Why do most software producers follow principles of manufacturing that are effectively identical to makers of, say, whistles? Exampli gratia: Acme Whistles.
These guys have been making whistles - yes, whistles - since the mid-19th century. Originally a side-business for a former farm worker turned tinkerer, Acme Whistles are made to serve a surprisingly large variety of distinct whistling needs.
Yes, differerent sorts of people have very different requirements when it comes to a whistle - soccer refs have different whistle needs than policemen than dog trainers than duck hunters, right? Why should they be obliged to use the same whistle?
Their ability to deliver the right product to the right user at the right price - following a unique design and marketing sensibility - distinguishes them in an otherwise invisible marketplace.
Applied to the software world, why can't we make products tailored to the specific needs of different users? And not just once - all the time, over and over, and lightning-fast? We're not bound by the same manufacturing limitations as a whistle manufacturer, are we? We don't have to build completely different products to meet the needs of different buyers?
But wait. That's how most software is built.
When your packaging (and by association, pricing) is embodied in the physical design of your software - when you have to create a separate binary for each unique feature combination you want to ship under a unique "edition" name, you're making whistles.

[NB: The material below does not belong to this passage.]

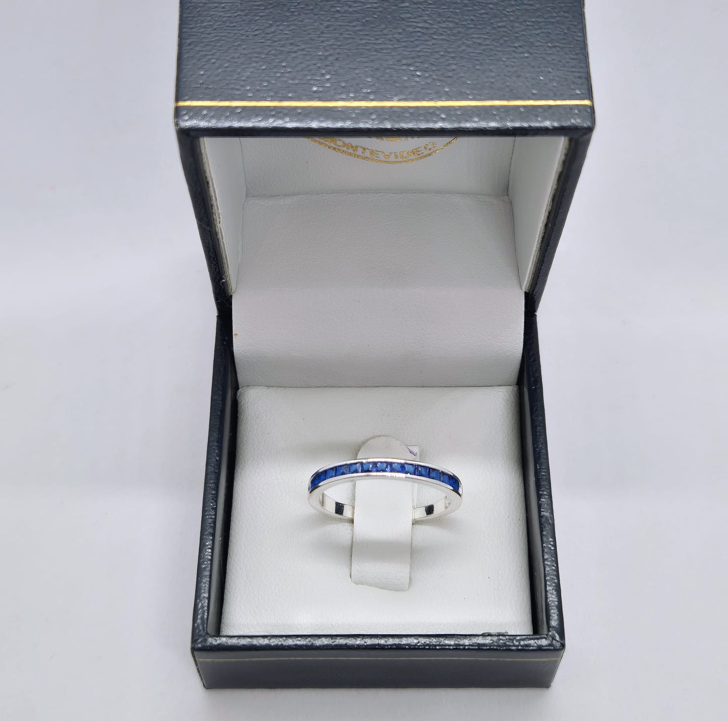 Este anillo de plata 925 con incrustaciones de zafiros azules destaca por su brillo profundo y sofisticación. Ideal para quienes buscan una joya refinada y versátil, perfecta tanto para uso diario como para ocasiones especiales.

When you have to stop the manufacturing process every time marketing walks into the shop with a new wacky way for users to use your product - whether it's "we need a demonstration version" or "a version with only these features that times out in a week unless you buy it, in which case it has these features, unless you upgrade it in which case it has all features". . .

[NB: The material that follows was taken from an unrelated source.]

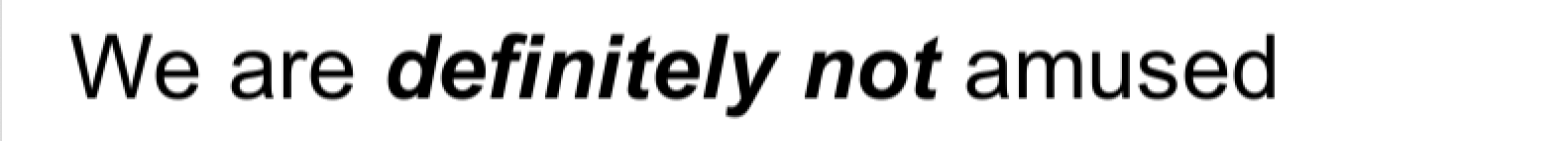 | b | Renders the text in boldface. | We are <b>not</b> amused. |

. . .you're making whistles.
(More often than not, development tells marketing to "wait for the next release". By which time the customer - and in many cases the opportunity - have gone away)

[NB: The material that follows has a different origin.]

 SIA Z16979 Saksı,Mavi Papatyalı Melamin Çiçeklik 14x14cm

When you've got nine different licensing schemes and your head of sales wants to offer a "solution" that combines all nine of them under a single license, and you decide the only way to do it fast enough is to define a manual "workflow" for generating new licenses for the constituent products and matching them with the new "master" license and another manual "workflow" to register sales (and upgrades and license transfers) with the different ERP and CRM systems that those point products are integrated with. . .
. . .yup, you're making whistles. Complicated whistles at that.
The solution isn't to do away with packaged software and go all SaaSy. Software producers need to embrace the fundamental right granted them by their Creator to reject a manufacturing process that Henry Ford would recognize, and that Deming would applaud.
If you can decouple the product definition and development steps from the product pricing and packaging steps, you're on the right path.
If you can get your development team to make everything they build "change ready" from the very beginning, you can break the linear process mindset that keeps so many software producers mired in the 19th century.
Because unlike whistles, the software package is a fluid thing that should draw from a common well of functions. The package is whatever combination of features that make sense for a given customer - priced based on the usage model that they'll embrace.
1 comment:
I've been saying it for 20 years -- the creation of software is a stupid process, made dumber still by both management and programmer cultures. The greatest software development of my lifetime is the full screen editor. Most everything else has been hype on top of hype.